Transcribe the stretch of entries below from the line with "お参りして帰ろうとしたら、氷" through the line with "As Andrew said, I", exactly and with both ends included; leave out all other lines.
=== DATASET CONTENT ===
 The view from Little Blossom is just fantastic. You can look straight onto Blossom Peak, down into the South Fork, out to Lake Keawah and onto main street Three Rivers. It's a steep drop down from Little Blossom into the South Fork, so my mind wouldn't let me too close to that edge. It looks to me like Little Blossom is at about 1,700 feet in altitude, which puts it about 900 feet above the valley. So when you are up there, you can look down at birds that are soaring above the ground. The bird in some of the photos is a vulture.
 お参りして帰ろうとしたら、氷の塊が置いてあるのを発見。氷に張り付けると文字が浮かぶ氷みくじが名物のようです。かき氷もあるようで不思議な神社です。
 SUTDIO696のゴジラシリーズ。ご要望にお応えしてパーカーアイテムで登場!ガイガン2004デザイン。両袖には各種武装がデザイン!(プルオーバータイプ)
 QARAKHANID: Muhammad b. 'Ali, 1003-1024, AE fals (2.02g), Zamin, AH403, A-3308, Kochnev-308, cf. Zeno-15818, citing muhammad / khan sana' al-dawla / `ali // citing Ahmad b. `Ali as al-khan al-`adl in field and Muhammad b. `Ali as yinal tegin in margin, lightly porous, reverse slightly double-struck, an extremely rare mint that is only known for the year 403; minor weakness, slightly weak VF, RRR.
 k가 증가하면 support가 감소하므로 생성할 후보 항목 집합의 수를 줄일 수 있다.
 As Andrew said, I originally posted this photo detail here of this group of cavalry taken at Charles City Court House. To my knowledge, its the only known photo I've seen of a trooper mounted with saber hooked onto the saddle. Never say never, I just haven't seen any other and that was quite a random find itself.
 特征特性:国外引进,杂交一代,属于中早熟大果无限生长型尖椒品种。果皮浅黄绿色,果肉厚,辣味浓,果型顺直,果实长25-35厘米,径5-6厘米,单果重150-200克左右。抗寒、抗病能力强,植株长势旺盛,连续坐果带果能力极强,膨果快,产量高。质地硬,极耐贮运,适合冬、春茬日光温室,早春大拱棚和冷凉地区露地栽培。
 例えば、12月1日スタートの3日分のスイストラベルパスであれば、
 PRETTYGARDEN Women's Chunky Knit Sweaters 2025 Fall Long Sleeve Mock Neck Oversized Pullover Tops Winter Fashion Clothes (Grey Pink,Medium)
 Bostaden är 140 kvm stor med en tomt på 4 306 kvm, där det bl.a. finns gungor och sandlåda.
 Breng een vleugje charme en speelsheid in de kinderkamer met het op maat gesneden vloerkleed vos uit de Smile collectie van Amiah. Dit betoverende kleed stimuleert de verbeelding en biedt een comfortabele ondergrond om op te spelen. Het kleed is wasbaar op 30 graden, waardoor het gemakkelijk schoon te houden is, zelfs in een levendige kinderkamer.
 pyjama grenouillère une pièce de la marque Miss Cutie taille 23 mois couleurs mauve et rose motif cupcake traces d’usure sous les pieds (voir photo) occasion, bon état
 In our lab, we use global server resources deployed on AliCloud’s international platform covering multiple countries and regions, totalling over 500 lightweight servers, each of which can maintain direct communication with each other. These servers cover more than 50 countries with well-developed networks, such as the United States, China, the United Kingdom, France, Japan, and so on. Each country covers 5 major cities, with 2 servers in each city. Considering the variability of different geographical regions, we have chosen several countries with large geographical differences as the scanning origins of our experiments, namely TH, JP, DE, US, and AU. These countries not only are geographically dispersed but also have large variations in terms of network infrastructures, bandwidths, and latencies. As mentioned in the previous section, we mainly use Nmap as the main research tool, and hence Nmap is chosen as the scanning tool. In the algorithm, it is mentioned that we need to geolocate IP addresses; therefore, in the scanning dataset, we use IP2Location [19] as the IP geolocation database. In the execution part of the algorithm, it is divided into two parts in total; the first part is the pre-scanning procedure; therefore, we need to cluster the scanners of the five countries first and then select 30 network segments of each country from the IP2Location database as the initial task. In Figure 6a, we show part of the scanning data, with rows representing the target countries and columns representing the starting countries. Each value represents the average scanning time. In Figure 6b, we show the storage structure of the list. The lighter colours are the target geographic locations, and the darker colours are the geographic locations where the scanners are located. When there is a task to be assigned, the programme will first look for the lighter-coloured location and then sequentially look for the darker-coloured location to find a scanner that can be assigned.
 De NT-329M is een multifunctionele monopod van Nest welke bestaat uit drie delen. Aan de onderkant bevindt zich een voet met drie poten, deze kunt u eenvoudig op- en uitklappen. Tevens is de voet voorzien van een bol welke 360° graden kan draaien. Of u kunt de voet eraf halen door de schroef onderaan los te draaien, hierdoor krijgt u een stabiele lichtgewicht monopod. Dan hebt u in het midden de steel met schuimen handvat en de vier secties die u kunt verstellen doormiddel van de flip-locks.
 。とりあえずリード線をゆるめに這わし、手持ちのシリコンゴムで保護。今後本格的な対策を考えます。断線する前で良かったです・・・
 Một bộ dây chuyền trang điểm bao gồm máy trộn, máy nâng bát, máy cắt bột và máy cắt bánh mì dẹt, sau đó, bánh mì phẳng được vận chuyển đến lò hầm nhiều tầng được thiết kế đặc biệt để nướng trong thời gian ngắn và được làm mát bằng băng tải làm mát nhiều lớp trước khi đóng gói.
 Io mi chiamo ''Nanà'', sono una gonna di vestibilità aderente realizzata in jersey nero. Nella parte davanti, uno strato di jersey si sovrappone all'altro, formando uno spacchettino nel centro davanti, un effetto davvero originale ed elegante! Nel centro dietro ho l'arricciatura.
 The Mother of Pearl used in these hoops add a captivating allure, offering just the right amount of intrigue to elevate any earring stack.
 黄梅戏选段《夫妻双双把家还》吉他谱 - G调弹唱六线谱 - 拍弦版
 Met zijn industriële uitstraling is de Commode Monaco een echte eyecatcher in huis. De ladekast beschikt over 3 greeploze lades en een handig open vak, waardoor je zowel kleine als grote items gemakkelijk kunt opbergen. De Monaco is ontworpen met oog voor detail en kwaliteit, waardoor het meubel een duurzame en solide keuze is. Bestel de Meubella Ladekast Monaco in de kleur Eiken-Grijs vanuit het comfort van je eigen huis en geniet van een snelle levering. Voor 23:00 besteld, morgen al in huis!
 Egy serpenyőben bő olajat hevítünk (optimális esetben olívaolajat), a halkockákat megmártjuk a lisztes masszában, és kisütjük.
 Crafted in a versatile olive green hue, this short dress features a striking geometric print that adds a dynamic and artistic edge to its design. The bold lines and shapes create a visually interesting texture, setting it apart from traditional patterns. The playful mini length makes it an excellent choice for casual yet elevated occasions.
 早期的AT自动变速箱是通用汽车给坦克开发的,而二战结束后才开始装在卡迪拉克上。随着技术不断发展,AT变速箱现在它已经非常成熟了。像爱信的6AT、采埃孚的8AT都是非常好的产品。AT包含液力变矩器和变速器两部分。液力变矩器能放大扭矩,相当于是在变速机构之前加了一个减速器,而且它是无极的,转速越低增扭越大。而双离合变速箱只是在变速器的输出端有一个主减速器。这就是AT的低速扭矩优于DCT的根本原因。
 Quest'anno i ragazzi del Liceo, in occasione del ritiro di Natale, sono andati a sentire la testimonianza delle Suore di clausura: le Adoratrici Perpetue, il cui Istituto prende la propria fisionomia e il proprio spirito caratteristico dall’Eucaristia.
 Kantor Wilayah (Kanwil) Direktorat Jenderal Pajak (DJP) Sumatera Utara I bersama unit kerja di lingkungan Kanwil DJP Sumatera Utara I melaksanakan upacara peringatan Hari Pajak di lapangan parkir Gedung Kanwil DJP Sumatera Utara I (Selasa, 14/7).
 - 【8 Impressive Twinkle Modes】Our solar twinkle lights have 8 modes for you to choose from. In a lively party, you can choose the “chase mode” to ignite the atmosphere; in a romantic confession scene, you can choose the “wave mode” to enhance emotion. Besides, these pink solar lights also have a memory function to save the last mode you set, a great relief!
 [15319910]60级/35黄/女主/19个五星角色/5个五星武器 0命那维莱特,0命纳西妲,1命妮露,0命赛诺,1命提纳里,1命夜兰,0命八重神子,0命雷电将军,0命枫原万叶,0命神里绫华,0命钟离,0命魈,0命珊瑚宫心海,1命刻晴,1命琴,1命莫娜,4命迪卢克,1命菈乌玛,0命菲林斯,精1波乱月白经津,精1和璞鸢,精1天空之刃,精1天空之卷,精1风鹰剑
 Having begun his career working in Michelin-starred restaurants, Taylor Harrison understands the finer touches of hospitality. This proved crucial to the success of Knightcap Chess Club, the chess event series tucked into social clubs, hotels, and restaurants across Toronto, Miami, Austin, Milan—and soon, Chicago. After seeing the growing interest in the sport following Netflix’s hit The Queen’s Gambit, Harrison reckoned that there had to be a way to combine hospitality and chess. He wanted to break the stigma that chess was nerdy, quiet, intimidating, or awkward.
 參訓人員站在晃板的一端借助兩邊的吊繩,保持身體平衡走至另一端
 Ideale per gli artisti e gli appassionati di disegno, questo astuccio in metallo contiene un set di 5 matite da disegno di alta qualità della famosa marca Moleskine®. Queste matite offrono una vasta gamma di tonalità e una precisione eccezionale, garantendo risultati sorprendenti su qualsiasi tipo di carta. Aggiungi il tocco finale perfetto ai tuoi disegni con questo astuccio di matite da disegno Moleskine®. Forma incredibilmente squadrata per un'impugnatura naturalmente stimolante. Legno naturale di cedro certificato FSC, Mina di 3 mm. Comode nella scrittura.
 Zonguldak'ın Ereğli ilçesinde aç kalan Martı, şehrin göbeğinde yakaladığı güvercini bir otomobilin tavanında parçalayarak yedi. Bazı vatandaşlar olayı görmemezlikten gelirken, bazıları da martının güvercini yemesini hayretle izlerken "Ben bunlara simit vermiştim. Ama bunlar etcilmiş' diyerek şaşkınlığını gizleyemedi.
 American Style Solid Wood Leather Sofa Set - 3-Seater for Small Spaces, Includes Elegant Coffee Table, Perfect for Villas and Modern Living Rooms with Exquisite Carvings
===
EXERCISE RESPONSE:
 お参りして帰ろうとしたら、氷の塊が置いてあるのを発見。氷に張り付けると文字が浮かぶ氷みくじが名物のようです。かき氷もあるようで不思議な神社です。
 SUTDIO696のゴジラシリーズ。ご要望にお応えしてパーカーアイテムで登場!ガイガン2004デザイン。両袖には各種武装がデザイン!(プルオーバータイプ)
 QARAKHANID: Muhammad b. 'Ali, 1003-1024, AE fals (2.02g), Zamin, AH403, A-3308, Kochnev-308, cf. Zeno-15818, citing muhammad / khan sana' al-dawla / `ali // citing Ahmad b. `Ali as al-khan al-`adl in field and Muhammad b. `Ali as yinal tegin in margin, lightly porous, reverse slightly double-struck, an extremely rare mint that is only known for the year 403; minor weakness, slightly weak VF, RRR.
 k가 증가하면 support가 감소하므로 생성할 후보 항목 집합의 수를 줄일 수 있다.
 As Andrew said, I originally posted this photo detail here of this group of cavalry taken at Charles City Court House. To my knowledge, its the only known photo I've seen of a trooper mounted with saber hooked onto the saddle. Never say never, I just haven't seen any other and that was quite a random find itself.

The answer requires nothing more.